Directeur photo du film, grand spécialiste de la caméra à l'épaule, Fromont s'adapte, tel un caméléon, à la pellicule et au numérique. Que ce soit avec Chantal Akerman avec peu de lumière mais en pellicule, ou avec Philippe Reypens avec beaucoup de lumière mais en numérique. Questions-réponses à un cameraman très demandé dans le cinéma documentaire et fiction, en Belgique et dans le vaste monde.
Rémon Fromont sur le tournage d'Eliot
C. : Raconte-nous comment tu travailles avec Philippe Reypens ?
R.F. : Avant le tournage d'Eliot, Philippe Reypens m'a montré les lieux où il voulait tourner, et quelques films qu'il aime bien pour le cadre et les lumières. On se connaît, et je sais qu'il est très précis. On regarde des photos et on se parle. J'ai vu ses films précédents. Je sais qu'il ne va pas vouloir mettre une optique folle au plafond. On s'est vite accordé sur le choix esthétique des cadres.

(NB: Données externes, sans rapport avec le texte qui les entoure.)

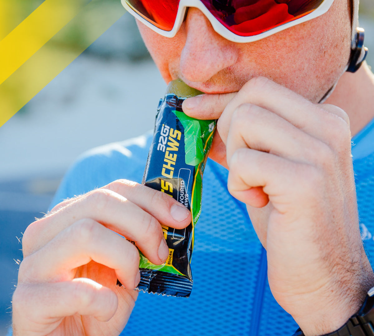 OR sickly & chewy sweets that constantly melt in the hot weather, get stuck in your teeth, or block your airways? 32Gi® Sports Chews are designed for easy swallowing, hot or cold weather, and are not too sweet with their subtle natural & delicious flavours.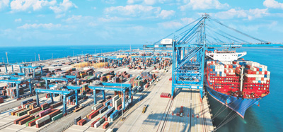 阿聯(lián)酋正致力于成為全球物流中心。圖為近日,該國哈利法港一片繁忙景象。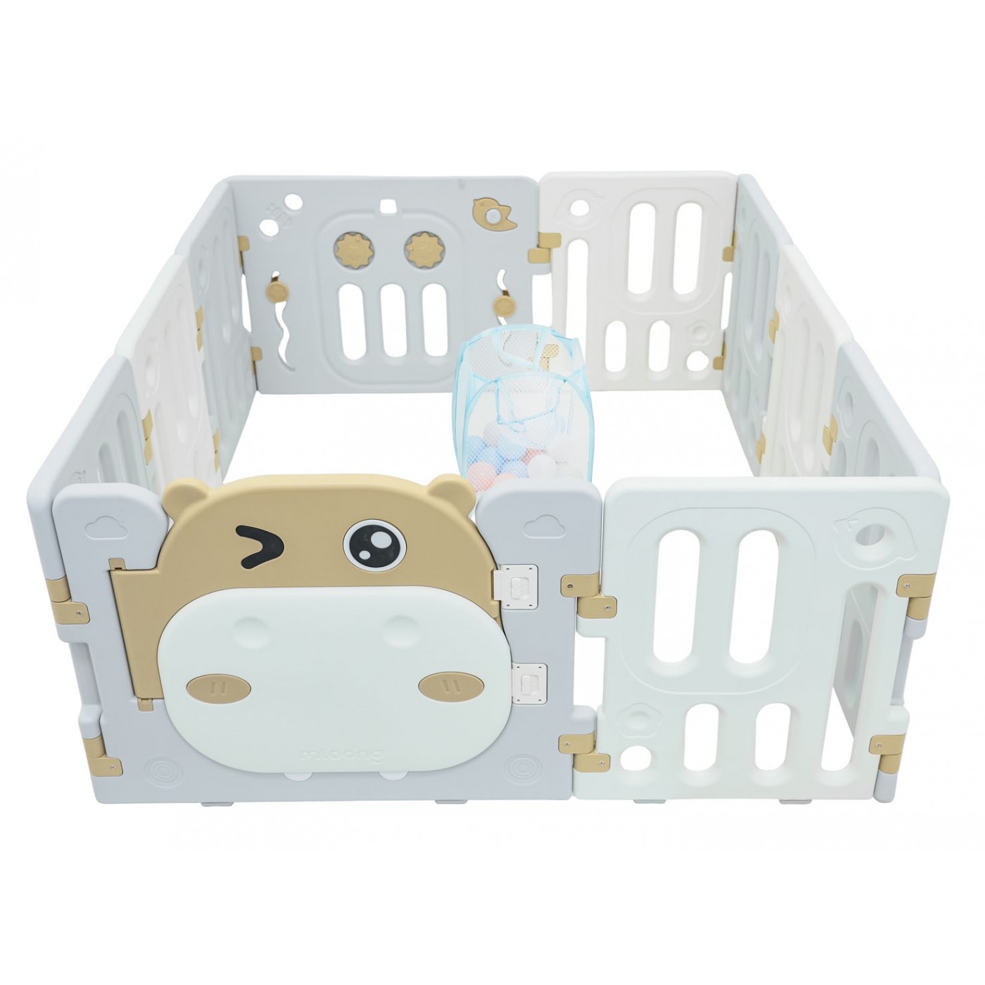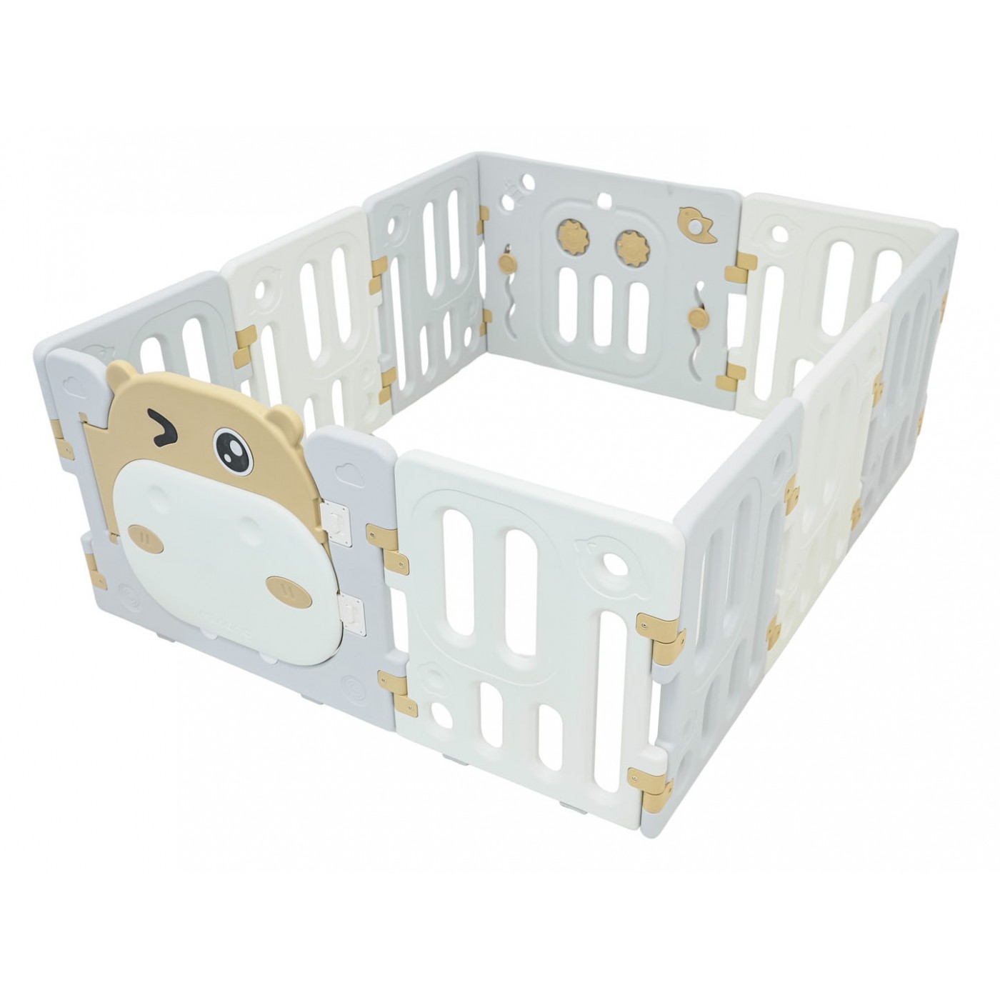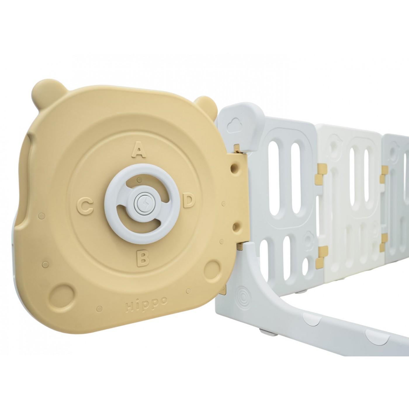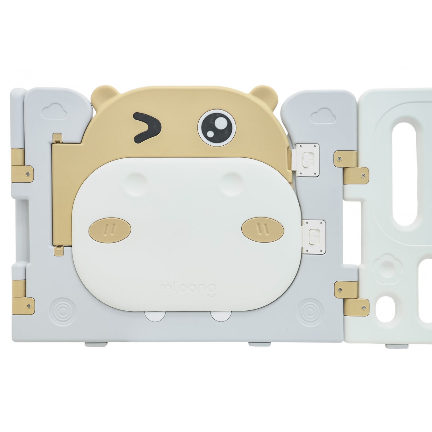Zestaw zawiera 10 paneli, w tym jeden z bezpiecznymi drzwiczkami, które można zablokować od zewnątrz – co uniemożliwia dziecku samodzielne otwarcie i wydostanie się z płotka/kojca. Kształt drzwi przypomina głowę wesołego hipopotama, co będzie dobrze kojarzyć się najmłodszym i zachęcać ich do wejścia. Na drzwiczkach od wewnętrznej strony znajduje się obrotowa kierownica z piszczałką na środku i literami „ABCD” wokół. Zachęci to maluchy do zabawy i manipulowania kierownicą.

C. : On t'a vu travailler avec une caméra numérique (l'Alexa).
R.F. : Oui, c'est la première fois que Philippe Reypens travaille en numérique. Il voulait voir ce que cela donne, puisqu'il prépare un film qui va se tourner avec ce support. En fait, on s'adapte aux différentes caméras numériques qui se succèdent depuis six ans. Au début, c'était compliqué à maîtriser. Il y avait trop de contraintes dans l'exposition, tout ce qui était surexposé devenait invisible. Depuis la Red et l'Alexa (Arriflex), avec des capteurs, cela permet d'utiliser les optiques du 35mm ainsi que les nouveaux fichiers. C’est plus simple. Actuellement, on éclaire plus, on fait l'inverse. On a désormais toujours trop de lumière. On ne joue plus qu'avec de toutes petites sources. C'est une grande nouveauté pour le cinéma. Pendant longtemps, comme chef op’, nous avions nos habitudes. On travaillait en pellicule avec du 200 ou du 400 ASA. On avait donc le compas dans l'œil au niveau de la lumière.

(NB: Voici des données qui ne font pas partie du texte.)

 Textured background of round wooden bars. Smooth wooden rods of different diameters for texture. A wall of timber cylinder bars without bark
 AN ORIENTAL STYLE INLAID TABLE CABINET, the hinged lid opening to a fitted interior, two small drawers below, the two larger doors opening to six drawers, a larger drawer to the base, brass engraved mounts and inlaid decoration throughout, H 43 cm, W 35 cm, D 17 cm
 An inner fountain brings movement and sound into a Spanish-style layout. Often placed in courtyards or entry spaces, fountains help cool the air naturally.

Avec le numérique, on a fait d'abord un pas en arrière puisqu'il fallait plus de lumière. Actuellement, avec les nouvelles caméras, c'est l'inverse. On est obligé de mettre des filtres neutres pour faire tomber la trop grande luminosité afin de retrouver la profondeur de champ des caméras 35mm (l'effet de flou et de net). On retrouve un vrai plaisir cinématographique à travailler avec ces nouvelles caméras.

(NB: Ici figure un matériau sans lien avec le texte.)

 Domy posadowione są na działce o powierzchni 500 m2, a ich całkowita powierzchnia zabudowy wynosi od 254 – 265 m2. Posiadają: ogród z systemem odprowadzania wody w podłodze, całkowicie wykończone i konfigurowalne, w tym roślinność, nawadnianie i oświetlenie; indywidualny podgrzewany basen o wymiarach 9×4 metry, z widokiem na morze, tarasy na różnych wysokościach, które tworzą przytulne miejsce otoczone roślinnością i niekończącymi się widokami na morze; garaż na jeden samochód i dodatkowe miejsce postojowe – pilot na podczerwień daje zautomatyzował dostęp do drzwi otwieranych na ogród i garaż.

C. : D'où la réutilisation d'objectifs cooke ?
R.F. : Oui, parce que l'image numérique est tellement parfaite qu'elle devient chirurgicale. Même pour faire le point c'est différent de la pelloche. Si le point n'était pas directement sur l'œil en pellicule, l'épaisseur chimique permettait de faire du flou derrière ou avant le point net. En numérique, ou bien c'est net, ou bien c'est flou. Cette netteté, c'est intéressant et, en même temps, elle est trop crue. Pour adoucir, on reprend des optiques réputées pour leur douceur comme Cooke. Les loueurs d'objectifs me disent qu'ils ressortent des séries d'optiques que l'on ne louait plus en 35mm parce que l'image était trop molle.
En ce qui concerne la qualité de l'image, on est arrivé à un point où il ne sert à rien de faire des caméras plus perfectionnées. Il faut trouver des systèmes qui rendent l'image plus chaleureuse. Cela a été très vite. Il y a trois ans, on n’imaginait pas des caméras de cette qualité. On pensait qu'il resterait 10 ou 15 ans de marge par rapport à la pellicule.